Я-то очнулась ничего не помня! Антон оживлял мою память, носил фотоальбомы,
рассказывал о нашей прошлой жизни, отношениях с мамой. Получается, он вложил в
мою голову то, что хотел. Но я не Эмма! Я Софья! Понимаешь?
– Пока нет.
Эмма схватила с дивана плед, завернулась в
него и уселась на полу, поджав под себя ноги.
– Нас было трое в машине, – заговорила она
вновь. – У меня в памяти ясно высветилось: я смотрю вперед и – бах! А потом
тишина. Открываю глаза: белый потолок… Поспелов не пострадал, но он вытащил из
горящего автомобиля не жену, а меня.
– Зачем ему спасать чужую женщину, подругу
жены? Наверное, мои слова прозвучат жестоко, но в подобных случаях обычно
хватают родных, о посторонних не думают. Антон ведь любил жену?
– Он говорил, что они с Эммой обожали друг
друга, – звенящим, как натянутая струна, голосом произнесла Поспелова. – Но
ведь это он говорил! Вдруг все было не так?

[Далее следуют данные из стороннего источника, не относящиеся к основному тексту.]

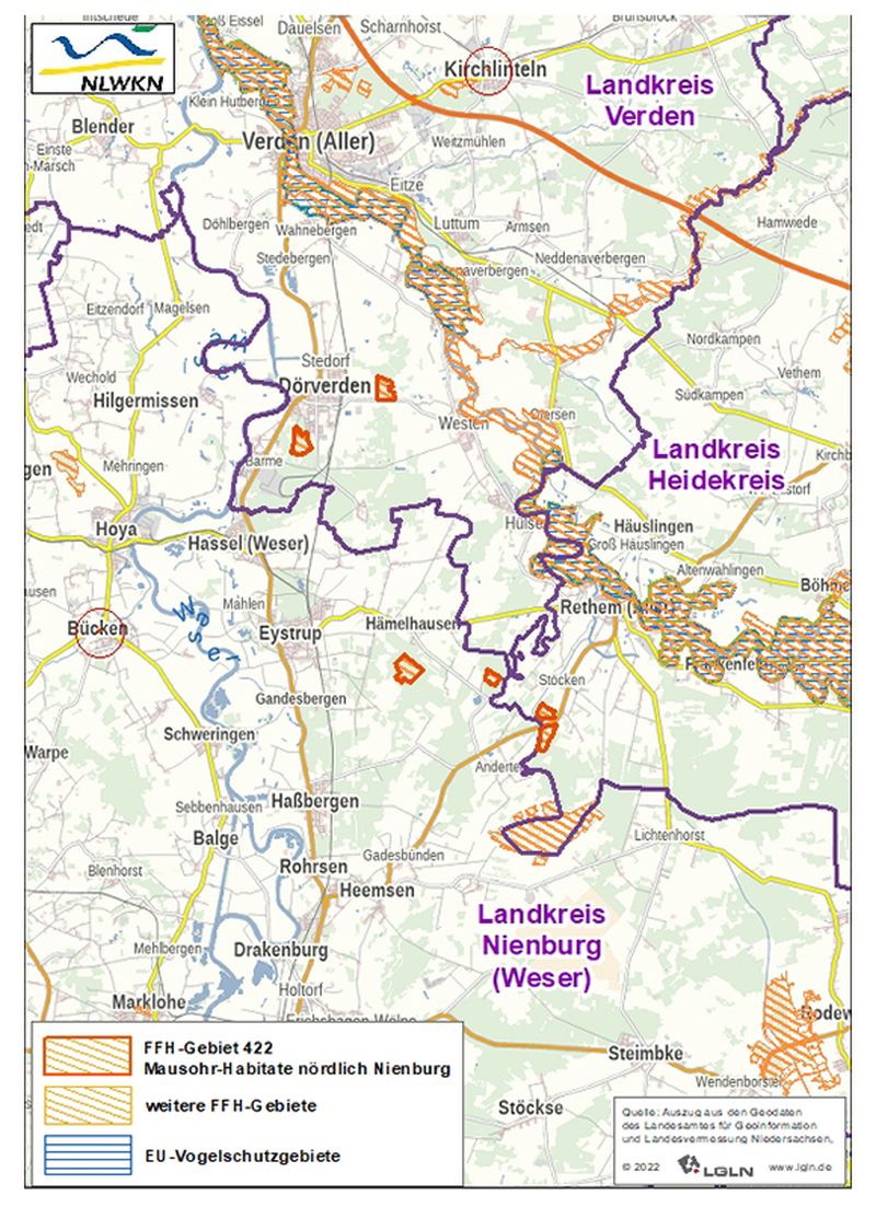 Das FFH-Gebiet „Mausohr-Habitate nördlich Nienburg“ umfasst in mehreren räumlich voneinander getrennten Teilgebieten zwei Wochenstubenquartiere sowie nahegelegene Jagdhabitate des streng geschützten Großen Mausohrs zwischen Verden im Norden und Nienburg im Süden.

– Антон не мог знать, что супруга потеряет
память!
– А вот и нет! – прошептала Эмма, – мне потом
медсестра сказала: «Вы не отчаивайтесь, из комы почти всегда с амнезией
выходят, но близкие вам помогут все вспомнить. Принесут фото, покажут домашнее
видео…» Поспелов понимал, что я очнусь, ну… не совсем адекватной, и…
– Все равно непонятно. Зачем ему чужая баба?
Эмма сжалась в комок.
– Я вспомнила! Как взяла в руки медальон,
сразу и осознала: я – Софи! И еще…
Эмма поднялась и развела руки в стороны.
Причем плед она из них не выпустила, отчего стала похожа на гигантскую летучую
мышь.
– Дорога… дорога… дорога… – с трудом
заговорила она, – мне больно… кто-то тащит меня на обочину… кладет на землю…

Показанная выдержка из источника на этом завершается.